# PHP5

## nford

I have installed apache, php and mod_php.

I can load html pages from a web browser, but when I try to load a php page, it treats the page as a file and asks me if I want to download the actual php file.

This must be a config setting somewhere, I just cant find it  :Sad: 

----------

## 59729

```

lappen@anderslejon lappen # sudo grep PHP5 /etc/conf.d/apache2

APACHE2_OPTS="-D SSL -D PHP5"

```

----------

## nford

When run that command, I get the same response

----------

## 59729

```

lappen@anderslejon init.d # sudo cat /etc/apache2/conf/modules.d/70_mod_php5.conf

<IfDefine PHP5>

        # Load the module first

        <IfModule !sapi_apache2.c>

                LoadModule php5_module    modules/libphp5.so

        </IfModule>

        # Set it to handle the files

        <IfModule mod_mime.c>

                AddType application/x-httpd-php .php

                AddType application/x-httpd-php .phtml

                AddType application/x-httpd-php .php3

                AddType application/x-httpd-php .php4

                AddType application/x-httpd-php .php5

                AddType application/x-httpd-php-source .phps

        </IfModule>

</IfDefine>

```

if you are using the conf/init gentoo style this file should be there, if it is there with that content and you have loaded the module then I have no idea .. you have restarted apache right?

----------

## 59729

if nothing works tail the logs, might give some insight on whats happening

----------

## AristoMagnus

It does the same here, on the Gentoo 2.6.11 AMD64 version

I have every config file, my AddType are on the 70_mod_php.conf 

also the -D PHP5 arg is set.

No idea how to fix it.. 

any idea everyone?

----------

## AristoMagnus

You need to merge php5.0.3-r1 and mod_php5.0.3-r1 

I see that on freenode

ciao

----------

## 59729

Strange I only have the module '5.0.3-r1' and it works

----------

## nford

I also have the same configuration stuff set.  Though I am also running amd64 - perhaps its a compatibility problem?
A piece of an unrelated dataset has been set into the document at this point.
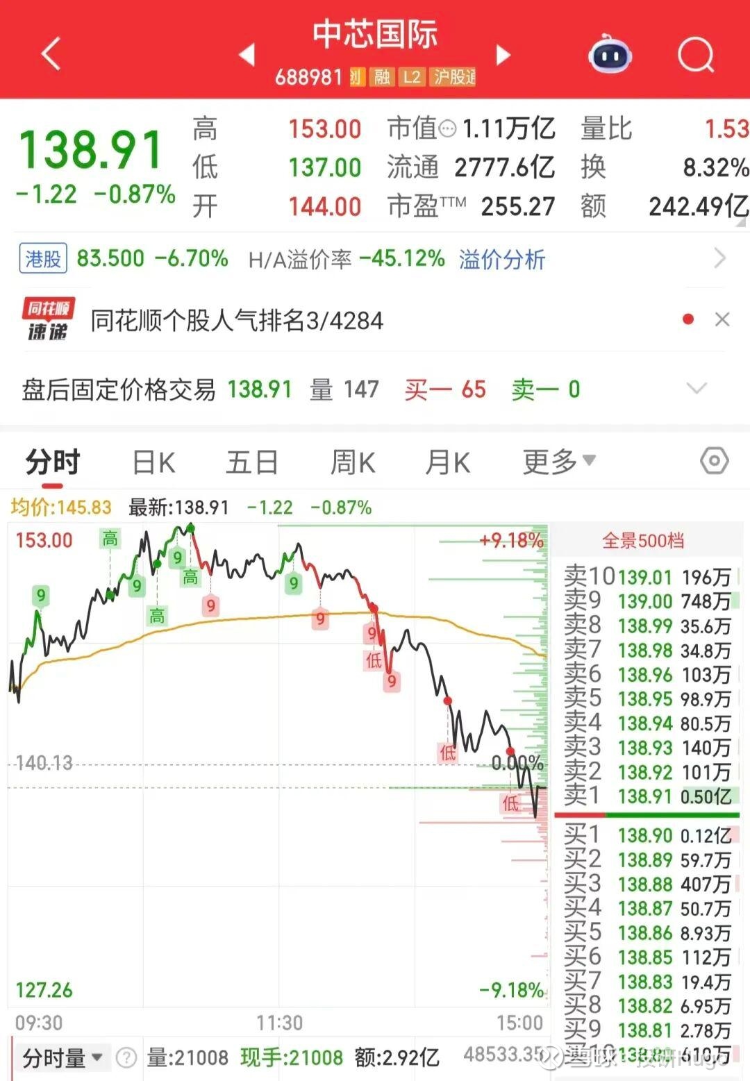 中芯国际早盘一度上涨超9%,午后迅速翻绿,波动幅度接近10%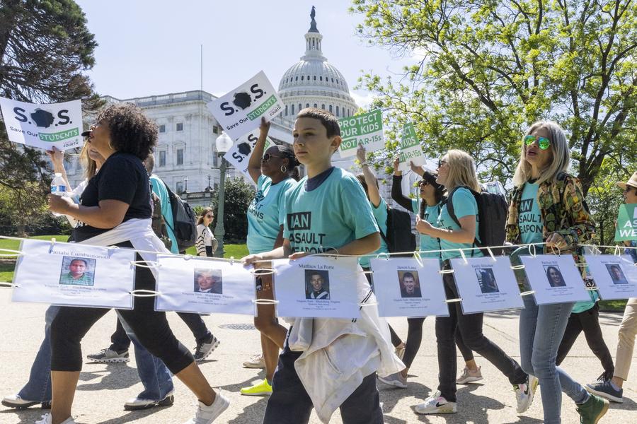 People display photos of victims of gun violence during a march to the Capitol to protest for a ban on assault weapons, in Washington, D.C., the United States, on April 17, 2023. (Photo by Aaron Schwartz/Xinhua)

I tried downgrading to php4 but I still get the same problem.

----------

## nford

Strange thing - It wasn't working then I restarted my computer and it now works.

I dont know whether or not to be happy - I still dont know what the problem was  :Confused: 

----------

## H0bb3z

I have Apache 2.0.53 (new config convention), php 5.0.3 and mod_php 5.0.3 enabled and working on my sparc64 box (finally!).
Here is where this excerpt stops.